◆ **About this exercise**:
May I please have every record restated word for word, with the images left out?

Dataset content START

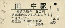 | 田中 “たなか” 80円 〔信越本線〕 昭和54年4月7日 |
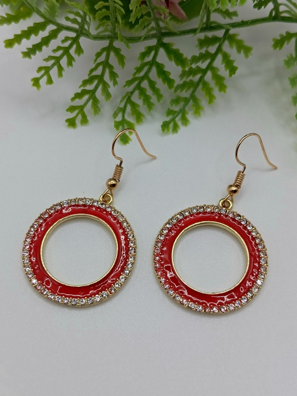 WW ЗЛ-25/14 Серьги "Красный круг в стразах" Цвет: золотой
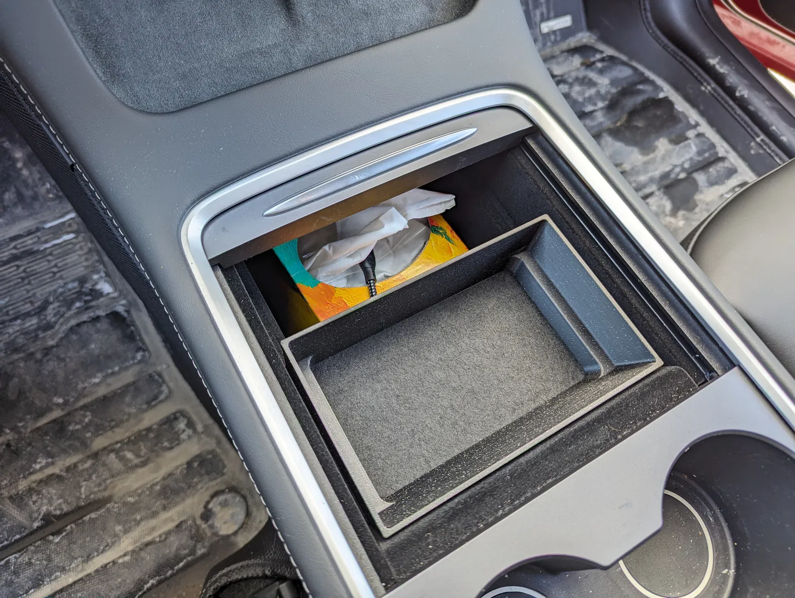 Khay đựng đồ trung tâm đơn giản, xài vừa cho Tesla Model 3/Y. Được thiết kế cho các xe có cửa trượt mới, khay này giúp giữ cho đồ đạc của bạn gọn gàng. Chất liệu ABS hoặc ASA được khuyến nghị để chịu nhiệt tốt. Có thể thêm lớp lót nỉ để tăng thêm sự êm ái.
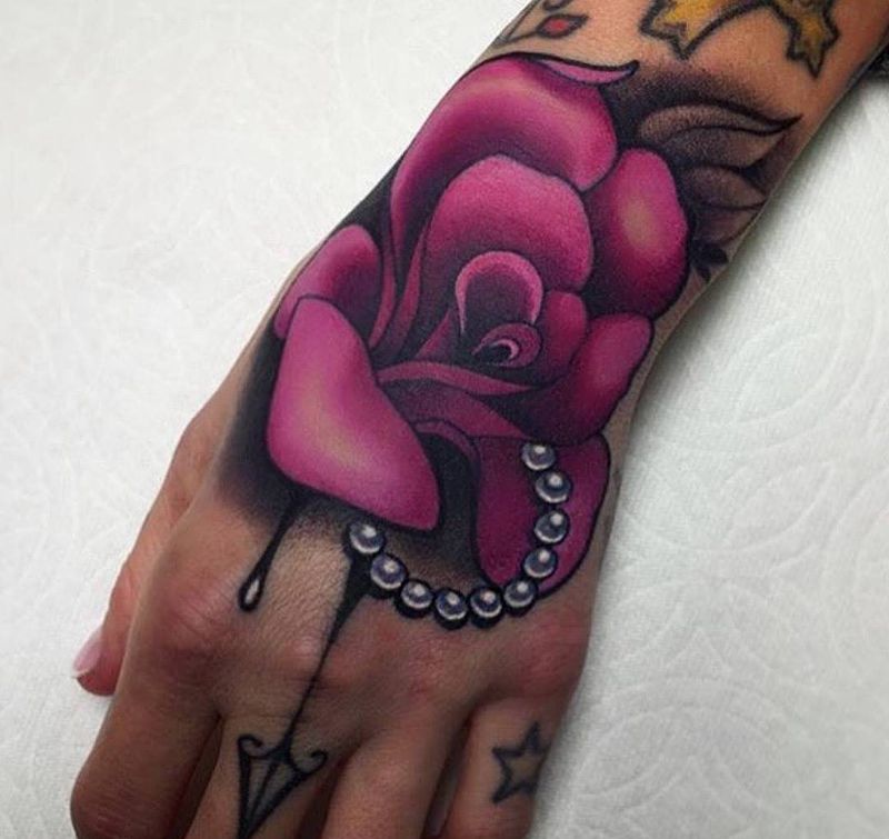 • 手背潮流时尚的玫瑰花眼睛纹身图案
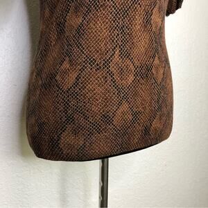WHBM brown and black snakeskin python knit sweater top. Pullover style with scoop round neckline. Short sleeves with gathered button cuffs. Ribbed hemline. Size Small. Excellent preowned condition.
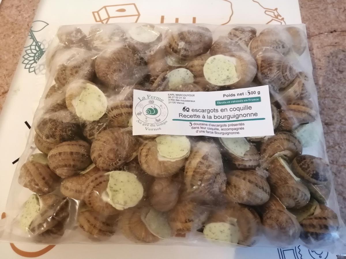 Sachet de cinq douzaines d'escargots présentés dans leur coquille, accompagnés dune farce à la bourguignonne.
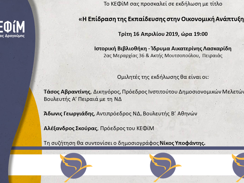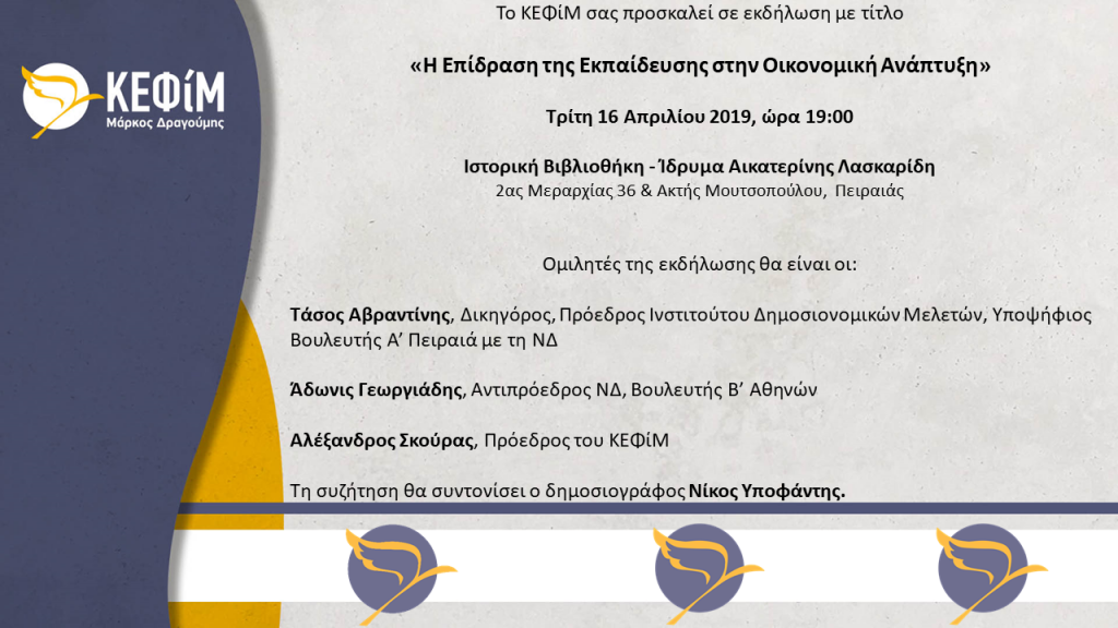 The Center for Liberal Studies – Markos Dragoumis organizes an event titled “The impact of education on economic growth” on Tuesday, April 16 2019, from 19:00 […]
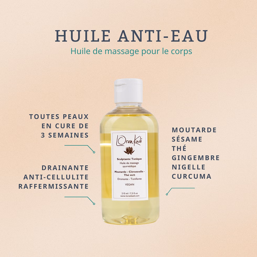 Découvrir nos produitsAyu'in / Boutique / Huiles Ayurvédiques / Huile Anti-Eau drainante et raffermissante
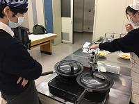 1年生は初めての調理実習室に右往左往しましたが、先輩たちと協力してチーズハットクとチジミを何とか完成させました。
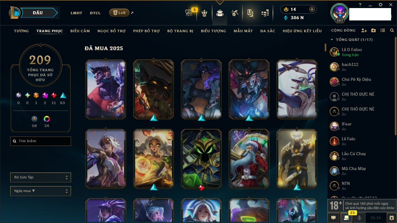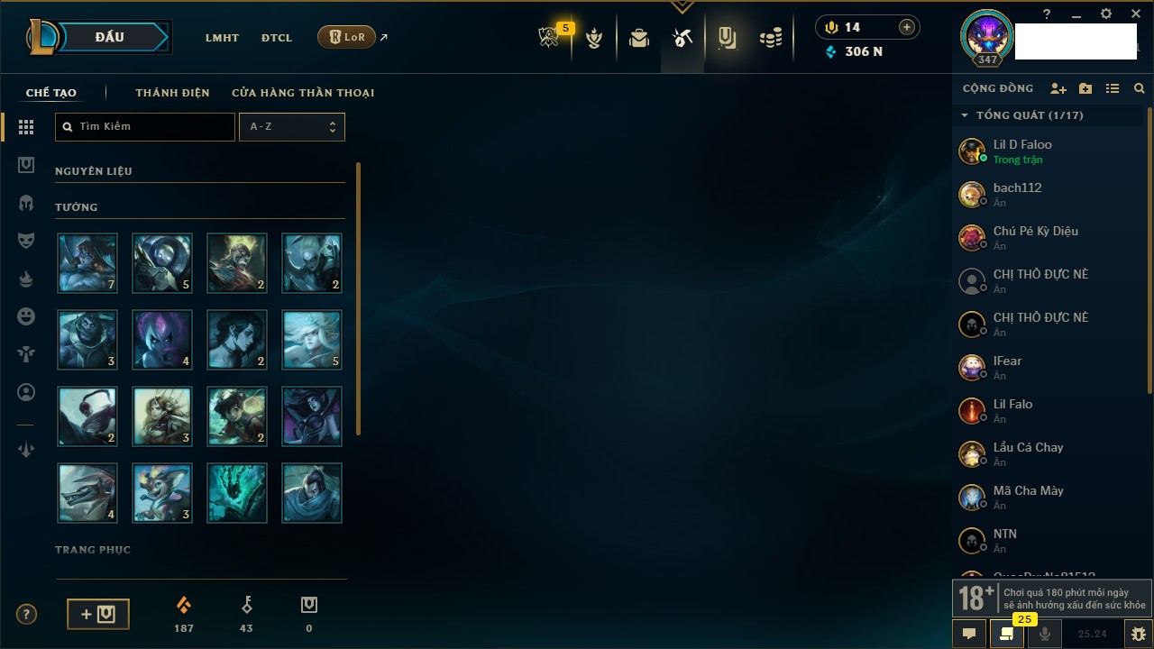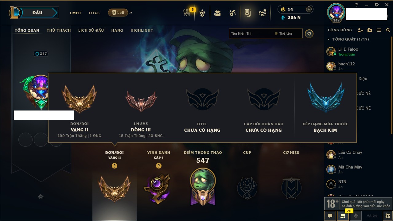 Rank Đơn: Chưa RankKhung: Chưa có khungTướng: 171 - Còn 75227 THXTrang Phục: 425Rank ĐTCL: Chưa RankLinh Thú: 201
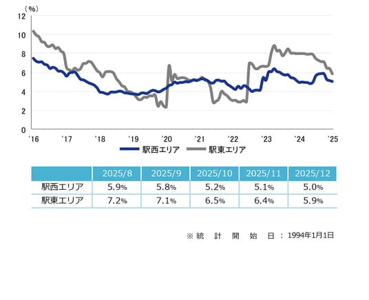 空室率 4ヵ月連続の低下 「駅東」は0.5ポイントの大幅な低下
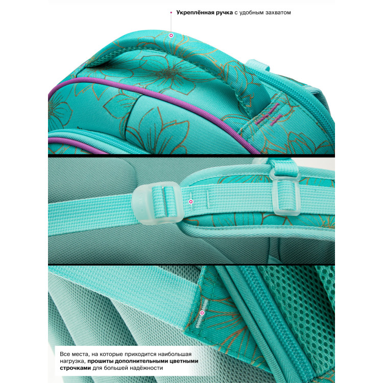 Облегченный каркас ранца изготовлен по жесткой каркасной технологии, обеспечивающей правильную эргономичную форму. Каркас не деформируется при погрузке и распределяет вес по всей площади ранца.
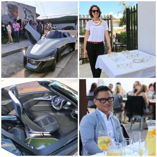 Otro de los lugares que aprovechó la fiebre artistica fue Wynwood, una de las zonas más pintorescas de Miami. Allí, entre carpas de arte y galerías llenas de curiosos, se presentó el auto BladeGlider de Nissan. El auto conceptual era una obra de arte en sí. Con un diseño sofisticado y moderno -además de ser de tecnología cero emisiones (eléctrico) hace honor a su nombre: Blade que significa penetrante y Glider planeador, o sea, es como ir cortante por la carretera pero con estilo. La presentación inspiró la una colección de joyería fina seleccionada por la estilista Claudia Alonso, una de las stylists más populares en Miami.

Dataset content END

◆ **Solution**:
 | 田中 “たなか” 80円 〔信越本線〕 昭和54年4月7日 |
 WW ЗЛ-25/14 Серьги "Красный круг в стразах" Цвет: золотой
 Khay đựng đồ trung tâm đơn giản, xài vừa cho Tesla Model 3/Y. Được thiết kế cho các xe có cửa trượt mới, khay này giúp giữ cho đồ đạc của bạn gọn gàng. Chất liệu ABS hoặc ASA được khuyến nghị để chịu nhiệt tốt. Có thể thêm lớp lót nỉ để tăng thêm sự êm ái.
 • 手背潮流时尚的玫瑰花眼睛纹身图案
WHBM brown and black snakeskin python knit sweater top. Pullover style with scoop round neckline. Short sleeves with gathered button cuffs. Ribbed hemline. Size Small. Excellent preowned condition.
 Sachet de cinq douzaines d'escargots présentés dans leur coquille, accompagnés dune farce à la bourguignonne.
 The Center for Liberal Studies – Markos Dragoumis organizes an event titled “The impact of education on economic growth” on Tuesday, April 16 2019, from 19:00 […]
 Découvrir nos produitsAyu'in / Boutique / Huiles Ayurvédiques / Huile Anti-Eau drainante et raffermissante
 1年生は初めての調理実習室に右往左往しましたが、先輩たちと協力してチーズハットクとチジミを何とか完成させました。
 Rank Đơn: Chưa RankKhung: Chưa có khungTướng: 171 - Còn 75227 THXTrang Phục: 425Rank ĐTCL: Chưa RankLinh Thú: 201
 空室率 4ヵ月連続の低下 「駅東」は0.5ポイントの大幅な低下
 Облегченный каркас ранца изготовлен по жесткой каркасной технологии, обеспечивающей правильную эргономичную форму. Каркас не деформируется при погрузке и распределяет вес по всей площади ранца.
 Otro de los lugares que aprovechó la fiebre artistica fue Wynwood, una de las zonas más pintorescas de Miami. Allí, entre carpas de arte y galerías llenas de curiosos, se presentó el auto BladeGlider de Nissan. El auto conceptual era una obra de arte en sí. Con un diseño sofisticado y moderno -además de ser de tecnología cero emisiones (eléctrico) hace honor a su nombre: Blade que significa penetrante y Glider planeador, o sea, es como ir cortante por la carretera pero con estilo. La presentación inspiró la una colección de joyería fina seleccionada por la estilista Claudia Alonso, una de las stylists más populares en Miami.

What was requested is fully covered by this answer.